WHAT TO WORK ON -
I'd like the data below restated word for word, with the pictures left out.

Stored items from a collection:
■ ■ ■ ■ ■

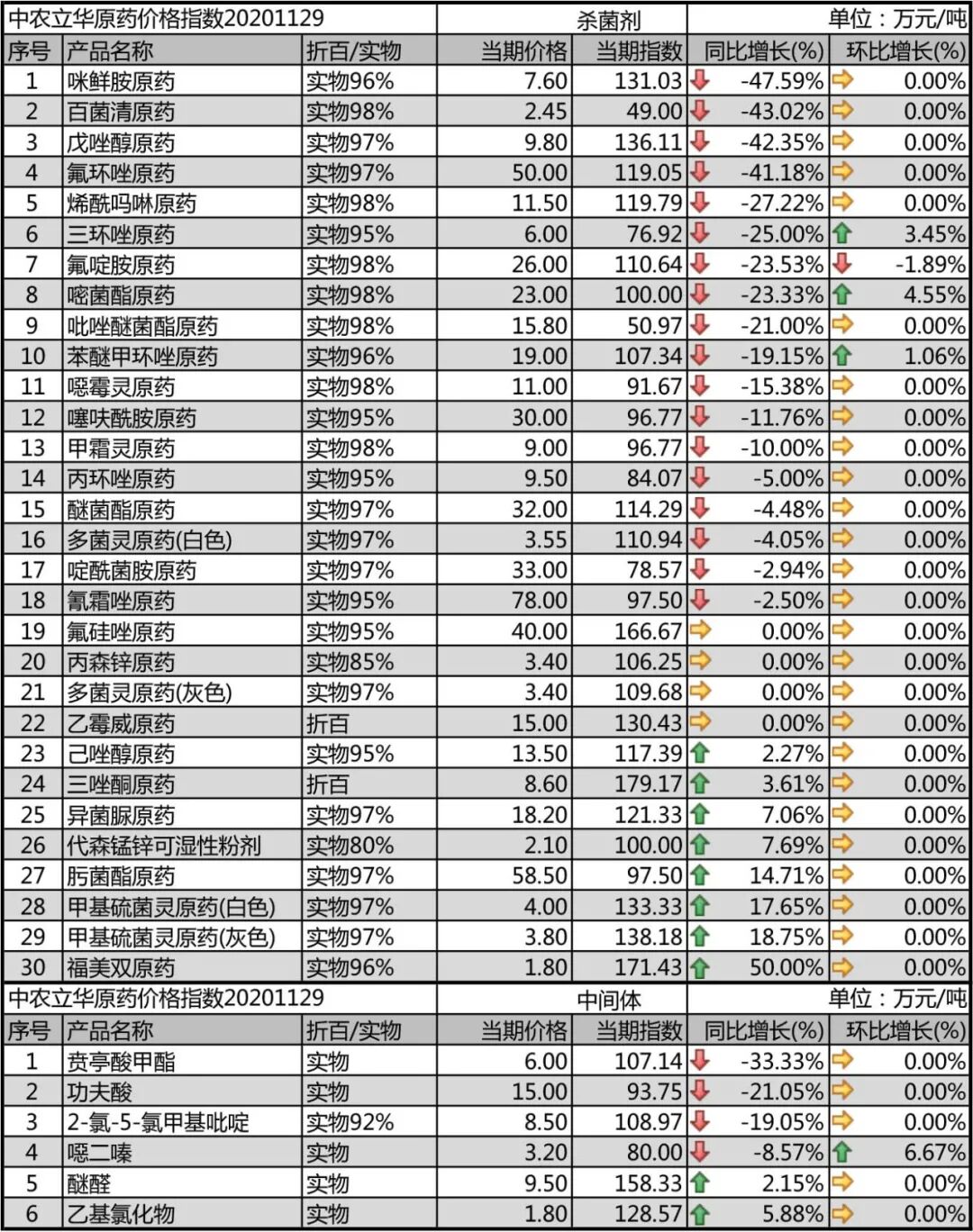 2020年11月22日中农立华杀菌剂原药价格指数报92.78点,环比上月微涨0.57%。2020年11月29日中农立华杀菌剂原药价格指数报94.45点,环比上月上涨2.4%。其中氟啶胺原药(-7.1%)跌幅居前,甲基硫菌灵原药(8.1%)、嘧菌酯原药(7.0%)等上涨超过5%,涨幅较大。
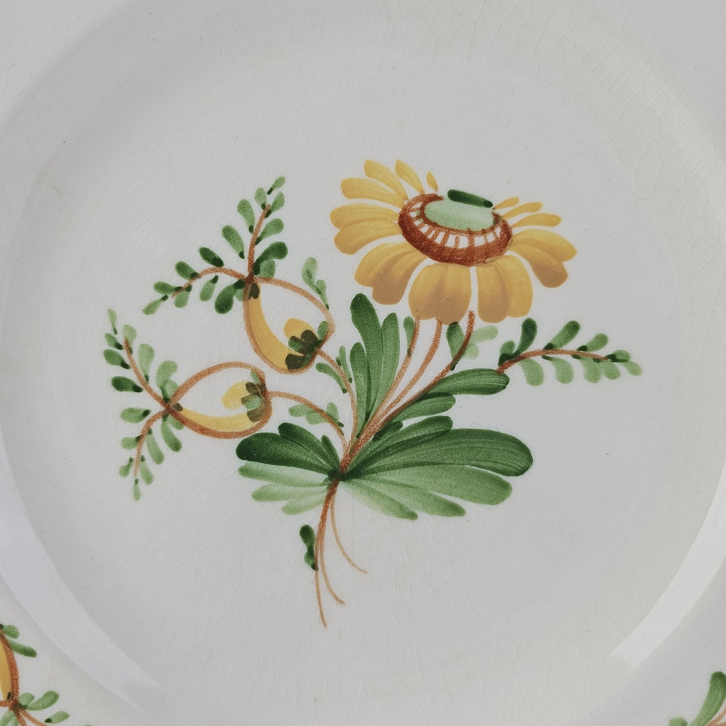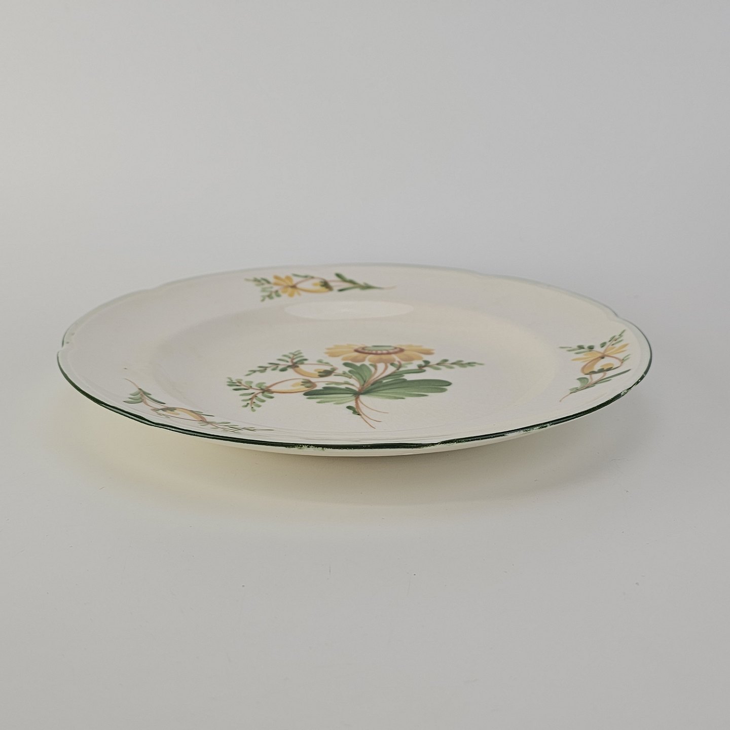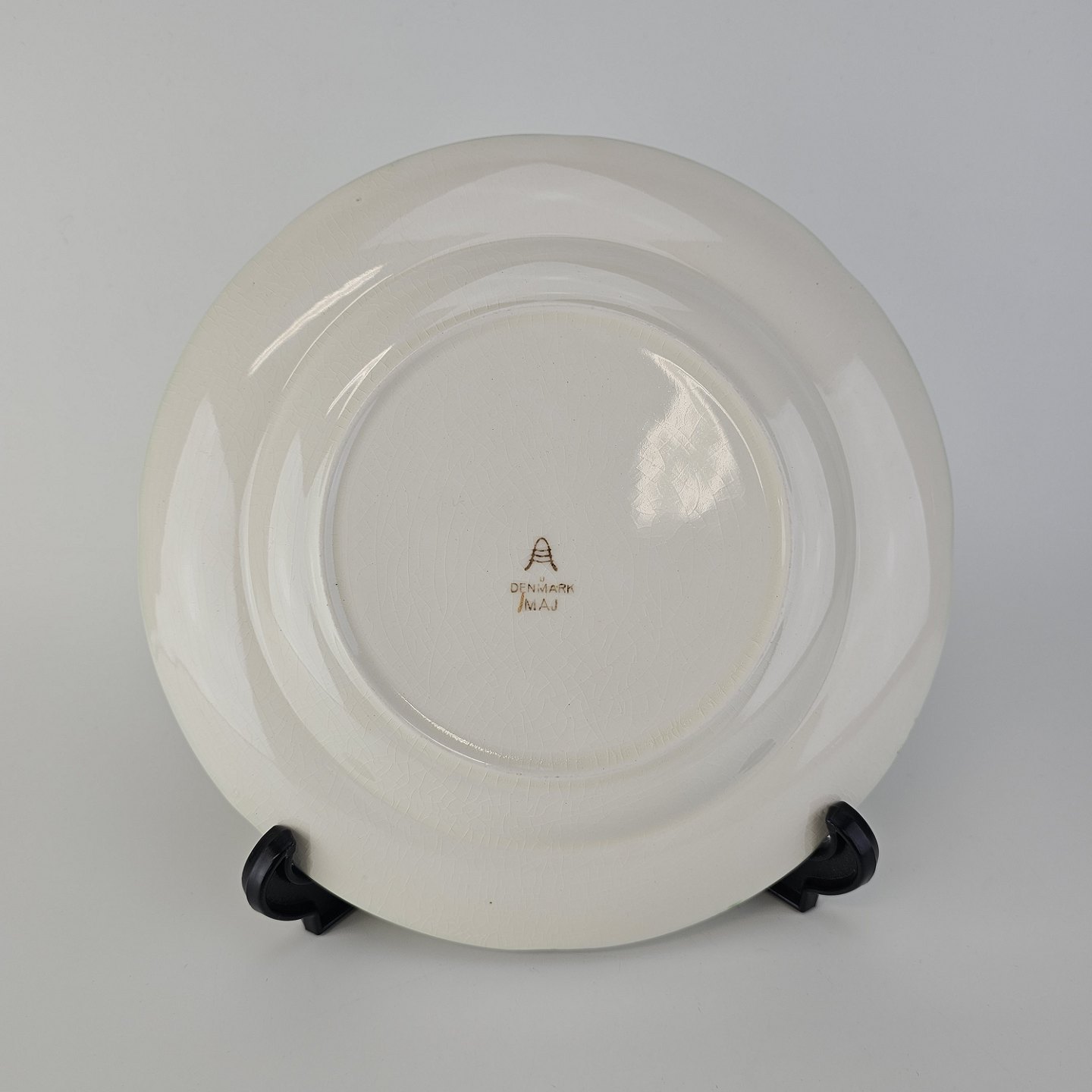 Flad tallerken i fajance fra stellet Maj fremstillet i perioden 1941-1966.
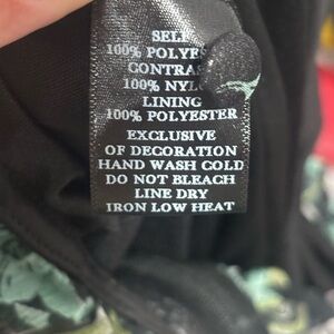 Lightweight semi-sheer fabric, delicate lace panel details, feminine tiered ruffle design, statement bell sleeves, flirty front cutout with tie closure, V-neckline, floor-length silhouette, black floral print, true-to-size fit
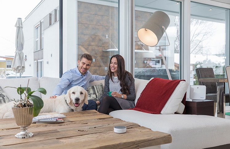 Durch die Verknüpfung von Aktoren und Sensoren, wird eine intelligente Automatisierung mit wenigen, einfachen Schritten möglich. Mit Eco-Home zieht auch mehr Sicherheit ein. Tür- und Fensterkontakte sowie Bewegungsmelder registrieren sofort, wenn sich ungebetene Gäste Zutritt verschaffen wollen. Alarmmeldungen per SMS oder E-Mail informieren, wenn daheim etwas Unvorhergesehenes passiert. Weitere Sensoren alarmieren bei Rauchentwicklung oder Wassereintritt.
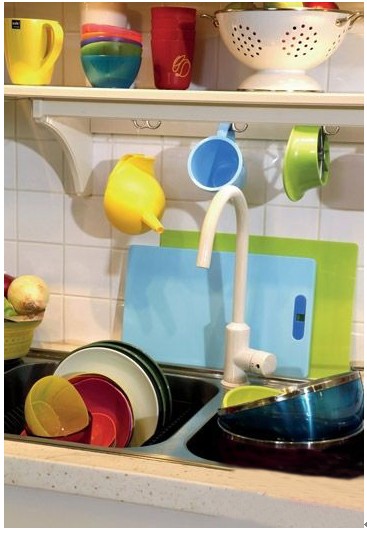 鍋碗瓢盆都用上了糖果色,搭配上白色的墻壁和白色水龍頭以及白色隔板,讓這么個樸素的色彩平臺,提高了很大的飽和度,純粹的糖果色搭配,再多的色彩也不怕繁復(fù),讓廚房空間成為一個色彩大舞臺,設(shè)計出一個屬于年輕自己的個性廚房空間。
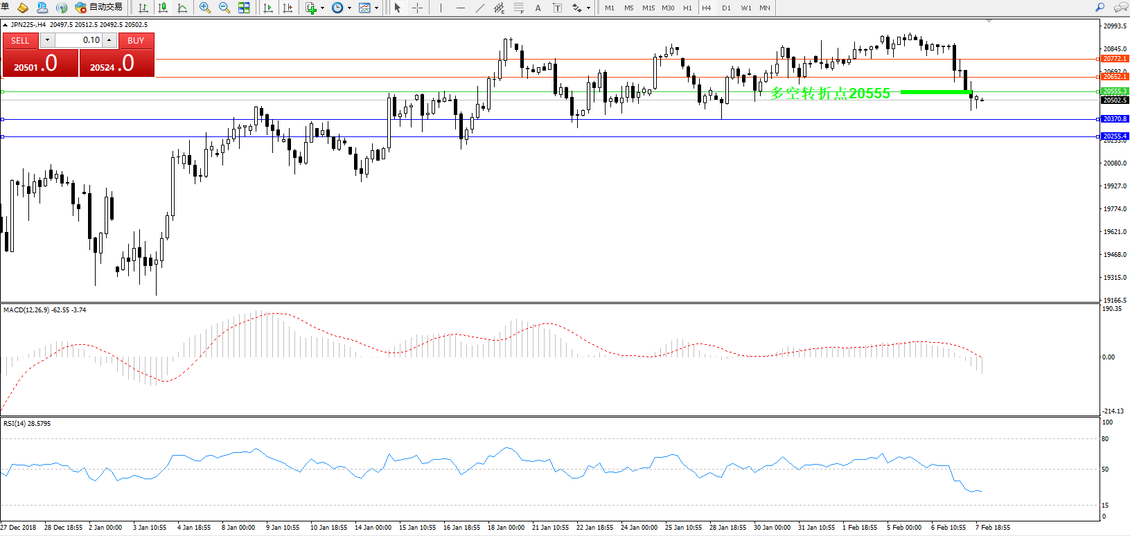 交易策略:20555下方看跌,目标20370、20255
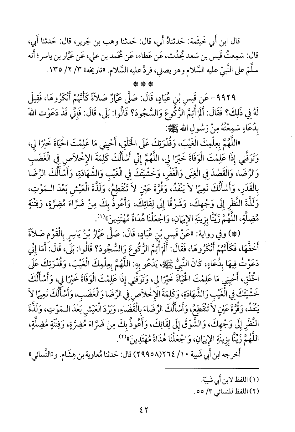 - وفي رواية: «عن قيس بن عُبَاد، قال: صلى عمار بن ياسر بالقوم صلاة أخفها، فكأنهم أنكروها، فقال: ألم أتم الركوع والسجود؟ قالوا: بلى، قال: أما إني دعوت فيها بدعاء، كان النبي صَلى الله عَليه وسَلم يدعو به: اللهم بعلمك الغيب، وقدرتك على الخلق، أحيني ما علمت الحياة خيرًا لي، وتوفني إذا علمت الوفاة خيرًا لي، وأسألك خشيتك في الغيب والشهادة، وكلمة الإخلاص في الرضا والغضب، وأسألك نعيما لا ينفد، وقرة عين لا تنقطع، وأسألك الرضاء بالقضاء، وبرد العيش بعد الموت، ولذة النظر إلى وجهك، والشوق إلى لقائك، وأعوذ بك من ضراء مضرة، وفتنة مضلة، اللهم زينا بزينة الإيمان، واجعلنا هداة مهتدين» (¬٢).
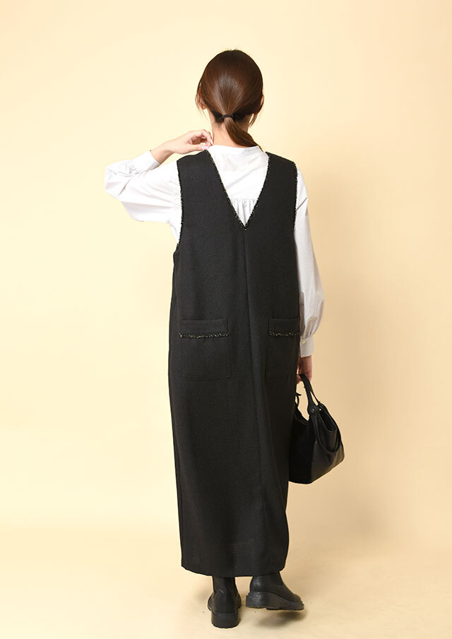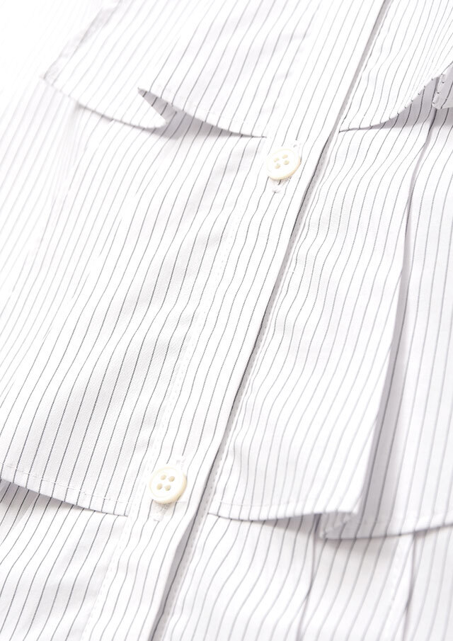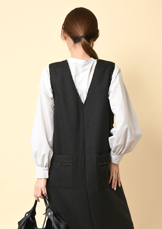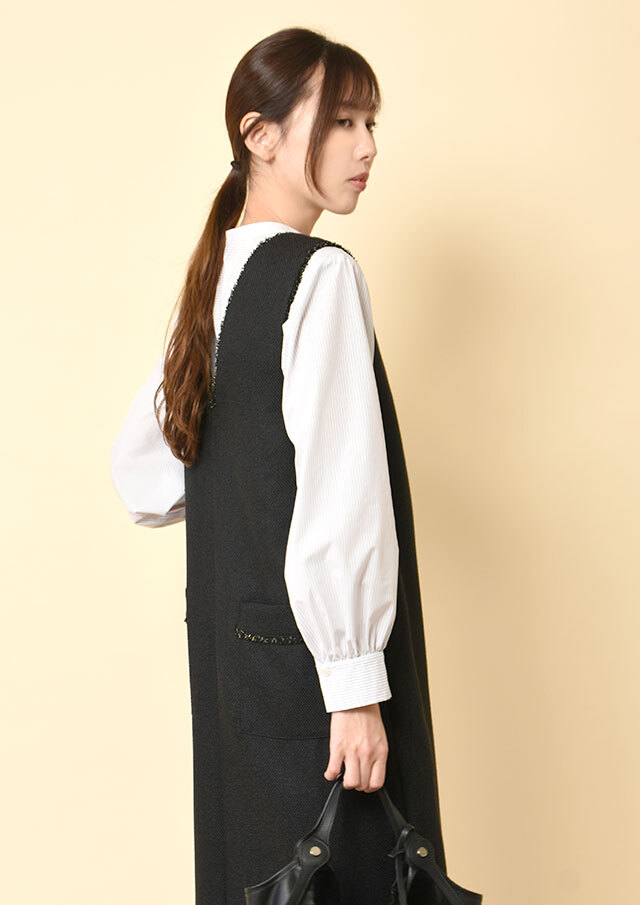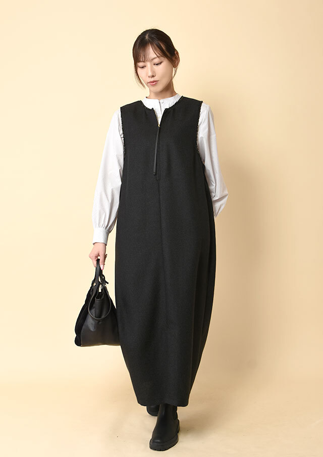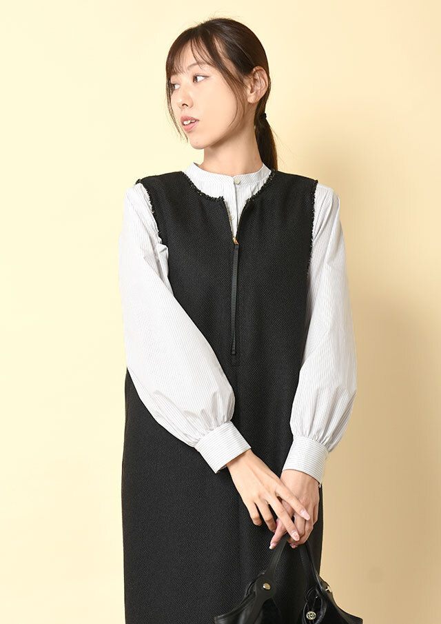 フロントにあしらった三段のラッフルフリルが、甘さではなく立体感として際立ち、シンプルなシルエットに華やぎを添えます。
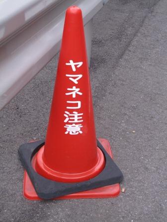 『ヤマネコ注意』と書かれたコーンを
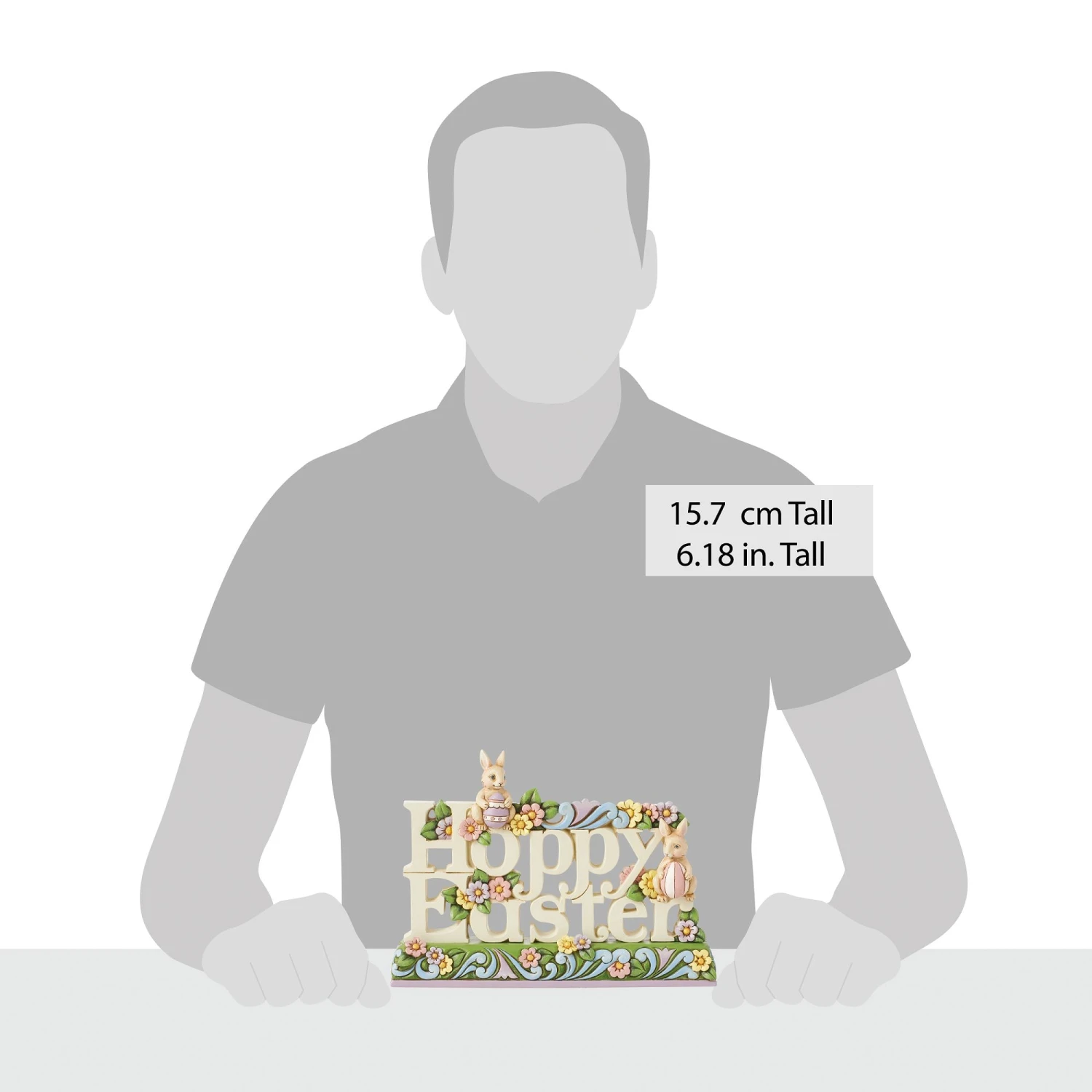 This colorful sign is a charming addition to your holiday home decor. With a kaleidoscope of flowers and two cheerful bunnies with painted eggs, this Easter text figurine by Jim Shore wishes you a “Hoppy Easter” with vibrant petals and rosemaling.

■ ■ ■ ■ ■

OUTPUT FOR THIS TASK -
 2020年11月22日中农立华杀菌剂原药价格指数报92.78点,环比上月微涨0.57%。2020年11月29日中农立华杀菌剂原药价格指数报94.45点,环比上月上涨2.4%。其中氟啶胺原药(-7.1%)跌幅居前,甲基硫菌灵原药(8.1%)、嘧菌酯原药(7.0%)等上涨超过5%,涨幅较大。
 Flad tallerken i fajance fra stellet Maj fremstillet i perioden 1941-1966.
 Lightweight semi-sheer fabric, delicate lace panel details, feminine tiered ruffle design, statement bell sleeves, flirty front cutout with tie closure, V-neckline, floor-length silhouette, black floral print, true-to-size fit
 Durch die Verknüpfung von Aktoren und Sensoren, wird eine intelligente Automatisierung mit wenigen, einfachen Schritten möglich. Mit Eco-Home zieht auch mehr Sicherheit ein. Tür- und Fensterkontakte sowie Bewegungsmelder registrieren sofort, wenn sich ungebetene Gäste Zutritt verschaffen wollen. Alarmmeldungen per SMS oder E-Mail informieren, wenn daheim etwas Unvorhergesehenes passiert. Weitere Sensoren alarmieren bei Rauchentwicklung oder Wassereintritt.
 鍋碗瓢盆都用上了糖果色,搭配上白色的墻壁和白色水龍頭以及白色隔板,讓這么個樸素的色彩平臺,提高了很大的飽和度,純粹的糖果色搭配,再多的色彩也不怕繁復(fù),讓廚房空間成為一個色彩大舞臺,設(shè)計出一個屬于年輕自己的個性廚房空間。
 交易策略:20555下方看跌,目标20370、20255
 - وفي رواية: «عن قيس بن عُبَاد، قال: صلى عمار بن ياسر بالقوم صلاة أخفها، فكأنهم أنكروها، فقال: ألم أتم الركوع والسجود؟ قالوا: بلى، قال: أما إني دعوت فيها بدعاء، كان النبي صَلى الله عَليه وسَلم يدعو به: اللهم بعلمك الغيب، وقدرتك على الخلق، أحيني ما علمت الحياة خيرًا لي، وتوفني إذا علمت الوفاة خيرًا لي، وأسألك خشيتك في الغيب والشهادة، وكلمة الإخلاص في الرضا والغضب، وأسألك نعيما لا ينفد، وقرة عين لا تنقطع، وأسألك الرضاء بالقضاء، وبرد العيش بعد الموت، ولذة النظر إلى وجهك، والشوق إلى لقائك، وأعوذ بك من ضراء مضرة، وفتنة مضلة، اللهم زينا بزينة الإيمان، واجعلنا هداة مهتدين» (¬٢).
 フロントにあしらった三段のラッフルフリルが、甘さではなく立体感として際立ち、シンプルなシルエットに華やぎを添えます。
 『ヤマネコ注意』と書かれたコーンを
 This colorful sign is a charming addition to your holiday home decor. With a kaleidoscope of flowers and two cheerful bunnies with painted eggs, this Easter text figurine by Jim Shore wishes you a “Hoppy Easter” with vibrant petals and rosemaling.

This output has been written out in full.